Inside - was a broom cupboard. Complete with brooms, a bucket and shelves of dusty bottles, sponges and steel wool.
“Iris root again?” Malfoy tried hopefully.
A broom fell over.
“I’ve had about enough of this,” I muttered impatiently, marching inside the narrow cupboard. I kicked the errant broom out of my way and started to push aside bottles of toilet cleaner and cartons thick with dust, hoping to find a trick-switch or a hidden stairwell or something.
“Get out of the way, Granger, you’ll never find it like that,” Malfoy ordered imperiously, striding in after me.
“No, you get out of - ” My voice broke off on a startled squeak; the door had just slammed shut behind him, as if of its own volition.

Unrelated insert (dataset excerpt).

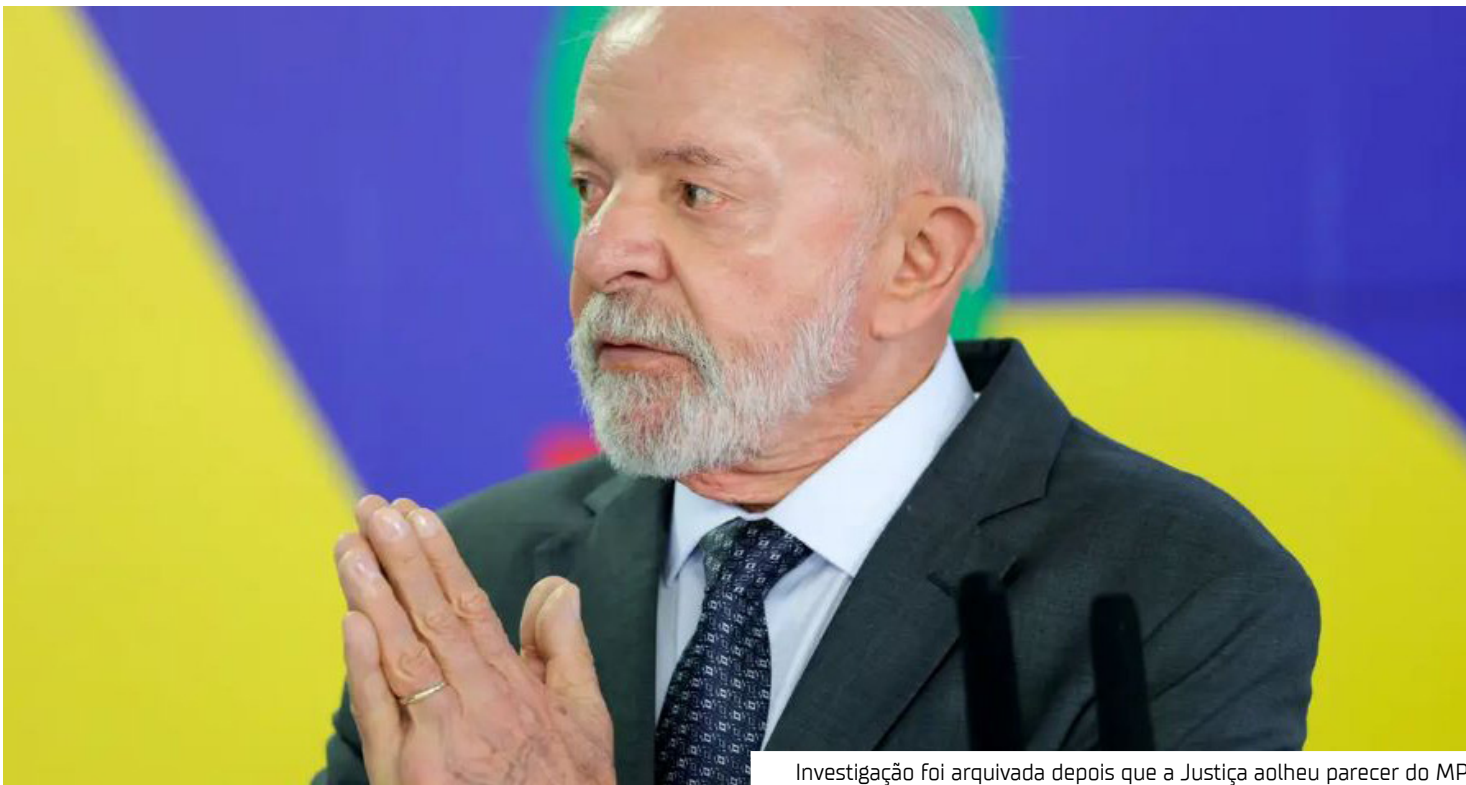
Investigação foi arquivada depois que a Justiça acolheu parecer do MP

da depois que a Justiça acolheu parecer do Ministério Público, que entendeu não ter sido provada a autoria do suposto golpe.

The cupboard went abruptly dark as pitch.
A beat passed.
“Did you - ?” I began, a bit shrilly.
“No,” Malfoy’s voice replied grimly above my head. It wasn’t an especially roomy broom cupboard; I could feel him standing a few inches away in the dark space, even if he was somehow managing effectively not to touch any single part of me with any single part of himself.
“Oh.” I shrank against the shelves at my back, just in case. A pause. “Then what did you - ”
“I didn’t do anything.” I heard him rattle the door-handle. Nothing happened. He cursed.
I am NOT stuck in a broom cupboard with Draco Malfoy this is just too absurd for words I’m going to have to write us both detention slips for this and WHAT will the prefects think -
I swallowed my panic. “Well, you had to’ve done something - “
“Shut up.”
“You - look, don’t keep telling me to shut up, Malfoy! I didn’t ask for this either, you know - ”
“I mean stop making noise, if it pleases Her Highness. Can’t you hear that?”
I fell silent, ears straining. Then I did hear it. A low rumbling noise, getting louder… and the sound of whistling air. There was a metallic ringing, like a bicycle bell, and then the wall of shelves I was leaning on slid away in a huge cloud of dust, pale light streaming through the motes.
For a heart-stopping moment, I teetered on the edge of the yawning space behind me, arms pin-wheeling. Yelping a loud curse, I leapt forward, tripped, and fell directly onto Malfoy instead. He must have been too stunned to notice, or he likely would’ve pushed me right back into the hole.
As the haze cleared, a dimly-lit lift box became visible; old-fashioned with a metal grille that closed across the front of it. It was lined with carved wood panels and threadbare red velvet. Generic shopping mall music played lowly from invisible speakers.
What fresh hell.
“I, for one, wouldn’t mind sleeping at some point tonight. In a bed if at all possible,” came Malfoy’s pointed drawl at my back. Clearly he wasn’t nearly as stunned by all this as I was.
I shot him a frown, but pushed aside the grille obligingly, stepping into the lift box with caution. It felt sturdy enough under my weight, despite its ancient appearance.
Malfoy shut the grille loudly behind him, then leaned his shoulder-blades against the wall opposite myself, folding his arms and looking everywhere but at me. Which was fine, because I wasn’t looking at him either.
The lift shuddered ominously, then jerked once and began its comparatively smooth journey upward.